*** GIVEN INFORMATION ***

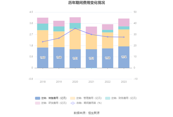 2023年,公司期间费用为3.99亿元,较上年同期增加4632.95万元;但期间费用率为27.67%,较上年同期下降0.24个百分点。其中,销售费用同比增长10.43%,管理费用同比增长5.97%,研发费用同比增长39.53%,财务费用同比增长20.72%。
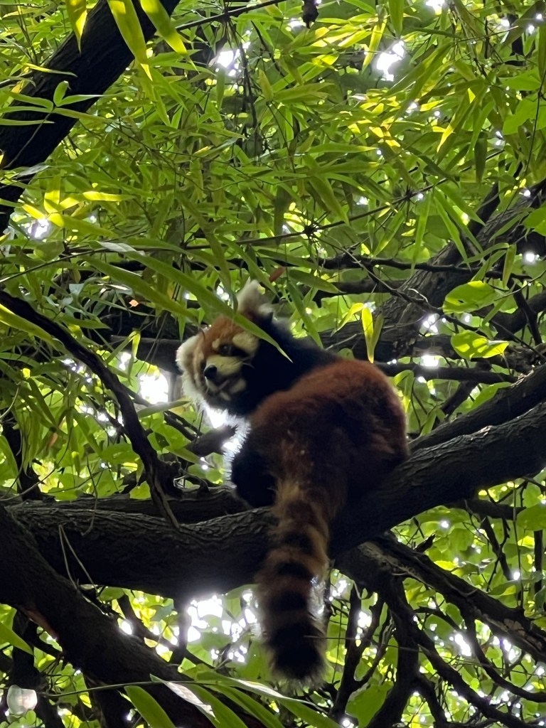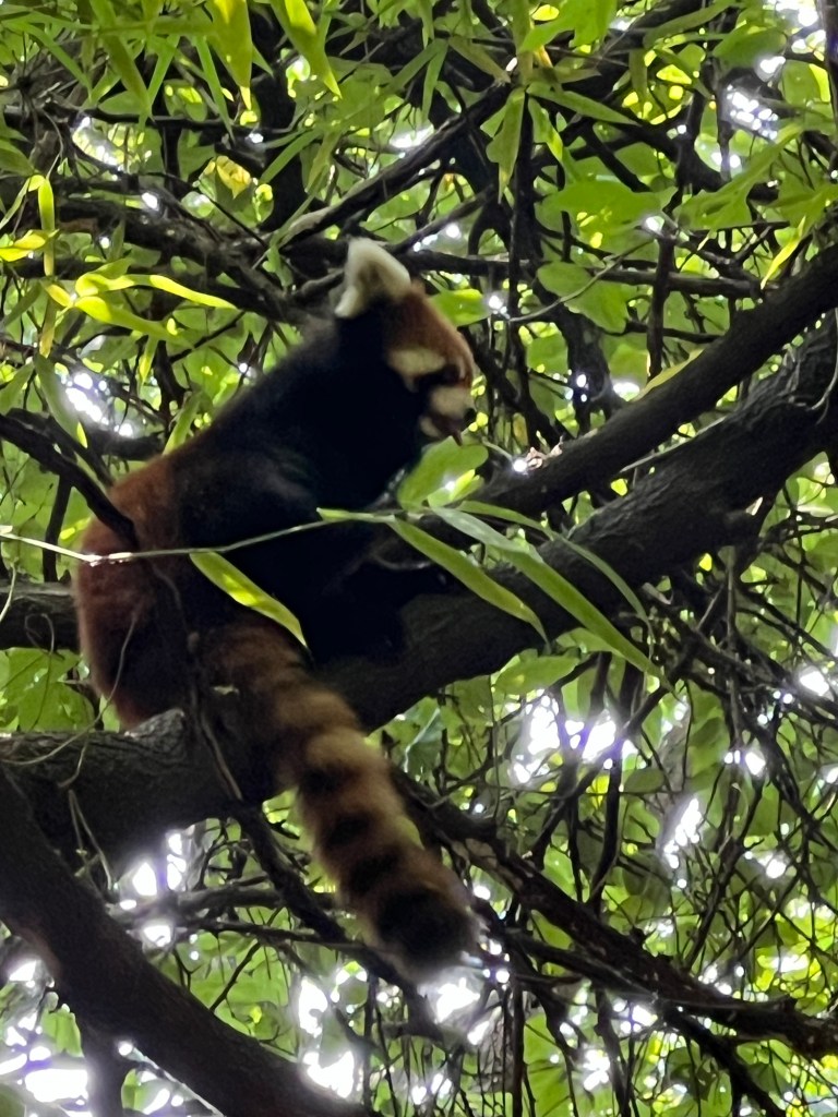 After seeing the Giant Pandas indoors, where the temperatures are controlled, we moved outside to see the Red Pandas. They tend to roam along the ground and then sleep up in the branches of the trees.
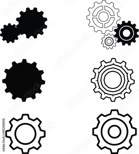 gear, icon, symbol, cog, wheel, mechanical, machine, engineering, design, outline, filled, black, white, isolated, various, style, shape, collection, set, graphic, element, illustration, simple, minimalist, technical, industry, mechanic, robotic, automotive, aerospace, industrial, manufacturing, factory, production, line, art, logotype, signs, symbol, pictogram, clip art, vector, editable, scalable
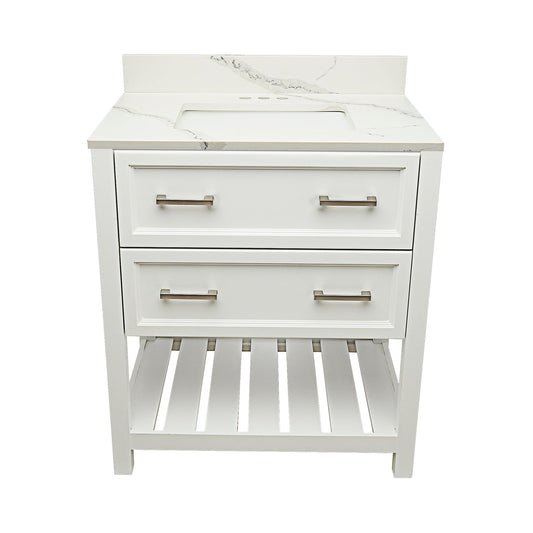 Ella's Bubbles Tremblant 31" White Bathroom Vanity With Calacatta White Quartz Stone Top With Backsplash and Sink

***

## PROBLEM TO WORK ON
Everything in the data above gets copied exactly. Only the pictures are skipped.

## RESULT OF THIS EXERCISE
 2023年,公司期间费用为3.99亿元,较上年同期增加4632.95万元;但期间费用率为27.67%,较上年同期下降0.24个百分点。其中,销售费用同比增长10.43%,管理费用同比增长5.97%,研发费用同比增长39.53%,财务费用同比增长20.72%。
 After seeing the Giant Pandas indoors, where the temperatures are controlled, we moved outside to see the Red Pandas. They tend to roam along the ground and then sleep up in the branches of the trees.
 gear, icon, symbol, cog, wheel, mechanical, machine, engineering, design, outline, filled, black, white, isolated, various, style, shape, collection, set, graphic, element, illustration, simple, minimalist, technical, industry, mechanic, robotic, automotive, aerospace, industrial, manufacturing, factory, production, line, art, logotype, signs, symbol, pictogram, clip art, vector, editable, scalable
 Ella's Bubbles Tremblant 31" White Bathroom Vanity With Calacatta White Quartz Stone Top With Backsplash and Sink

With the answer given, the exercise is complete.